FRA’s BOD has approved a proposal to amend some of the provisions of Chapter 12 of the Executive Regulations of Capital Market Law on tender offers and acquisitions. The main feature of this amendment is taking into consideration the rights of minority shareholders and ensuring that their interests are not affected.
The amendment is stressing on the accuracy and adequacy of the data that is related to tender offers. In addition, it obliges the bidders to take the utmost precautions to maintain the confidentiality of the information related to the offers. Also, the said amendments oblige companies which are listed on foreign exchanges to disclose on these exchanges according to their rules in order to ensure equality upon providing data related to the tender offers in a time that suits all shareholders.
It is also necessary to disclose the acquirer’s interest and its related parties to all shareholders and all data related to the offer if there are rumors indicating that such offer exists.
Moreover, the amendments introduce the need to provide a detailed statement of the basis of estimating the purchasing price and valuating the shares in the case of combined tender offer and presentation by swap method and the directions of the bidders towards the company’s activity during a year following the success of the offer and the plan towards the minority shareholders.
The updated Executive Regulations defines purchase price determination mechanism in cases of active and inactive shares. The Board authorized the appointment of an independent financial advisor to assess the fair value of the shares when the Board finds it necessary in order to protect minority rights.
The amended Executive Regulations prohibits the acquisition of a third of the company’s capital or voting rights without FRA’s prior approval. Also, it obligates the potential acquirer to disclose his intention to keep the shares of the company traded on the Stock Exchange or to delist them. If he wishes it to remain tradable, then the acquiree shall acquire as much as he can to remain on the Stock Exchange in accordance with the applicable listing rules.
The regulations also show that the acquisition of voting rights in case of issuing the company’s preferred shares is all that matters. In addition, the amended regulations gave the authority the right to take the necessary measures in cases of breach, including preventing voting on shares that exceed the set percentage and freeze it.
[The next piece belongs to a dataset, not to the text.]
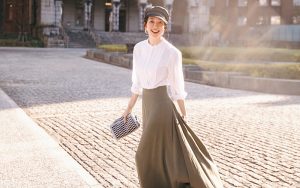 シャツ¥19,800(ブルックス ブラザーズ/ブルックス ブラザーズ ジャパン)スカート¥39,600(エイトン/エイトン青山)バッグ¥59,400(ピエール アルディ/ピエール アルディ 東京)シューズ¥130,900(ジェイエムウエストン/ジェイエムウエストン 青山店)キャスケット¥20,900(CA4LA/CA4LA プレスルーム)ピアス¥14,300バングル¥16,500(ともにワンエーアールバイウノアエレ/ウノアエレ ジャパン)

The regulations also introduced a new limit for the acquisition of two-thirds of the company’s capital whose shares are listed on the Egyptian stock exchange. Besides, the amendments allowed increasing the percentage of ownership in companies not exceeding 5% annually without reference to the Authority. The amendments allow those who own more than one-third of the listed company’s capital to raise their contribution to half the capital not exceeding 5% per annum without reference to the Authority. And for those who exceed half of the company’s capital to raise their contribution to less than two thirds of the capital, not exceeding 5% per annum. In addition, those who exceed two-thirds of the capital to raise their contribution to less than three quarters of the capital not exceeding 5% per annum.
The Regulations also added many cases where, if available, the offer could be excluded.
These amendments to Chapter 12 of the Executive Regulations of the Capital Market Law were the first amendments since its issuance in early 2007. The said amendments come within the context of the international standards and practices on tender offers and acquisitions.
It is expected that the draft amendments will be sent to the Council of State through the Minister of Investment and International Cooperation to be reviewed in the next few days.